E, no entanto, tudo isto parece decorrer da análise de um universo em que o livro se apresenta como elemento "natural" de uma cultura global subtitamente esvaziada do assombramento social das "redes". A explanação desenvolve-se, assim, omitindo o facto de vivermos num mundo que, através de milhares de milhões de polegares ao alto, impôs a mais agressiva ilusão empática: dispondo do mapa etéreo de infinitos links virtuais, teríamos encontrado a comunicação automática e ideal, fundando uma comunidade de empatia universal, cândida e irrevogável. Ainda que com intenso e comovente amor pelos livros, como é possível pensar a nossa relação com o outro, ignorando isto?

5 de setembro de 2020

Tabu

Portugal, 4 - Croácia, 1 — mesmo sem espectadores, o futebol detém esse poder de transfigurar a pandemia em efeito colateral. Perversamente, a selecção portuguesa de futebol passou a jogar francamente melhor sem Cristiano Ronaldo. Na filosofia dominante no futebol, isso diz-se através de uma maravilhosa derivação retórica: sem Ronaldo, a selecção "joga diferente".

4 de setembro de 2020

Talking heads

Antes do COVID-19, durante o COVID-19, por certo no pós-COVID-19, os nossos métodos correntes de encenação e auto-encenação — dos noticiários televisivos ao Instagram, passando pelos videos dos jornais — transformaram-nos em locutores do lugar que temos, ou imaginariamente ocupamos, no tecido social. Somos todos talking heads, uns profissionais, outros incautos, tendo integrado a respectiva postura como o supra-sumo da comunicação com os outros. Dir-se-ia uma brincadeira de jardim infantil: inventar um tele-jornal e fazermos de locutor — com um ecrã de cartolina colorida.
Curiosamente, a palavra locutor caíu em desuso — e há até quem a encare como um insulto mal disfarçado. Ironicamente, a sua objectividade é contundente: diluímo-nos no exercício da locução, o nosso clímax comunicacional confunde-se com a leitura do tele-ponto. Dir-se-ia que tudo conflui no know how de uma pose. Provavelmente, era para isto que Marshall McLuhan nos queria avisar quando dizia que "o meio é a mensagem".

2 de setembro de 2020

Linguagens

No dia 31 de Agosto, a editora Cotovia anunciou o seu encerramento no final do ano.
A 1 de Setembro, Cristina Ferreira divulgou o título do seu novo programa televisivo.
Não há nenhuma relação de causa e efeito entre as duas notícias.
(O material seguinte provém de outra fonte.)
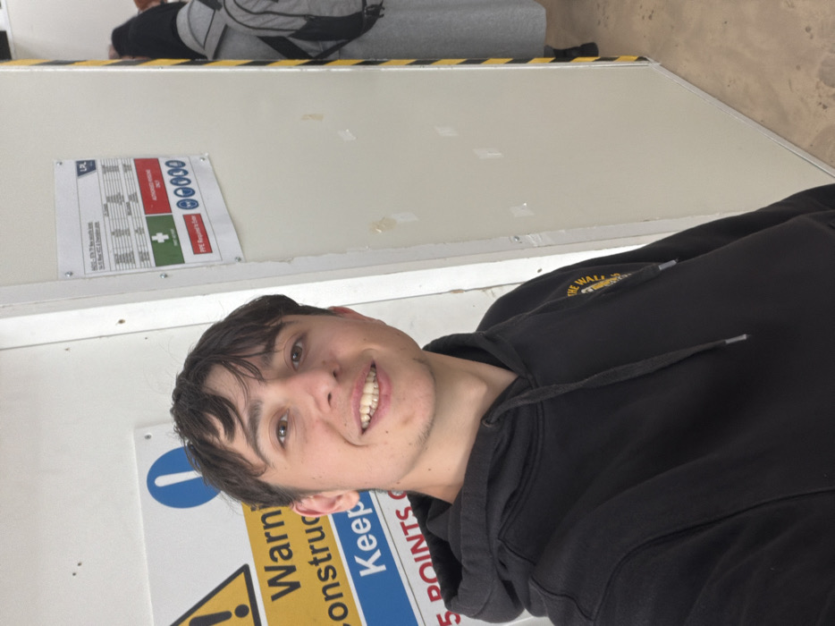 A young male, appearing to be in his late teens or early twenties with short dark hair, is positioned centrally in the foreground, smiling directly at the viewer. He wears a black hooded sweatshirt featuring a yellow circular 'Vans The Wall' logo on the right chest. The scene is located within the city of Uttlesford, United Kingdom. To the male's left, a white wall or temporary partition displays a yellow triangular 'Warning Construction' sign, partially reading 'Warning Construction Keep 5 Points', and a blue circular mandatory information sign. To his right, another light-colored panel is affixed with a comprehensive safety information sign. This sign includes a 'UAL' logo and details concerning an 'AIDC - EN 7th floor switch room' and 'To B. West OEC & Decon rooms,' along with risk assessment headers, 'First Aid,' 'PPE Required to Enter,' and 'AUTHORISED PERSONS ONLY' sections with symbols indicating mandatory ear protection, eye protection, and helmet use. Partially visible in the background, to the far right, is another individual seen from the back, wearing a long grey coat and a grey backpack with black straps. A yellow and black striped safety warning tape is visible on a vertical edge behind this individual. The floor appears to be concrete. The environment suggests an indoor construction site or a restricted technical area within a building.

Tão só a evidência cruel de que o nosso presente se faz da coexistência de tais factos — com a pandemia a desenhar um cenário em que, por razões de sobrevivência, fingimos que falamos uma só linguagem.

1 de setembro de 2020

A nova ética

Tu podes ser o meu vírus, eu posso ser a tua infecção — a nova ética social envolve uma desmesurada crueldade. E também um cristalino didactismo. A saber: nenhuma relação social é um dado adquirido.

Profissão

— Solitário como uma gata. Livre, quero eu dizer.

Da solidão

Pelos mais variados contextos, das conversas privadas aos desabafos do Instagram (hoje em dia, uma coisa parece poder esgotar-se na outra), podemos detectar os sinais, ora esparsos, ora contundentes, de uma revelação que nos pode ajudar a definir a crueldade destes dias sem fim: muitos cidadãos reconhecem — e, na maior parte dos casos, celebram — o facto de, através do COVID-19, da pandemia e do confinamento, terem redescoberto uma solidão de que estavam esquecidos. Em alguns casos, há mesmo uma descoberta radical: não sabiam que tal solidão existia, sobretudo que existia para lá do maniqueísmo do medo. Há qualquer coisa de irremediavelmente patético nestes gestos confessionais: do mundo unificado e unívoco em que estávamos "sempre todos juntos" através do infantilismo promovido pelas redes (ditas) sociais, passámos para um arquipélago global de ilhas filosofantes, cada uma delas com o seu solitário habitante. Talvez haja, aqui, alguma forma de redenção. Ou apenas o reconhecimento implícito, porventura involuntário, de que a solidão é mais criativa que a estupidez.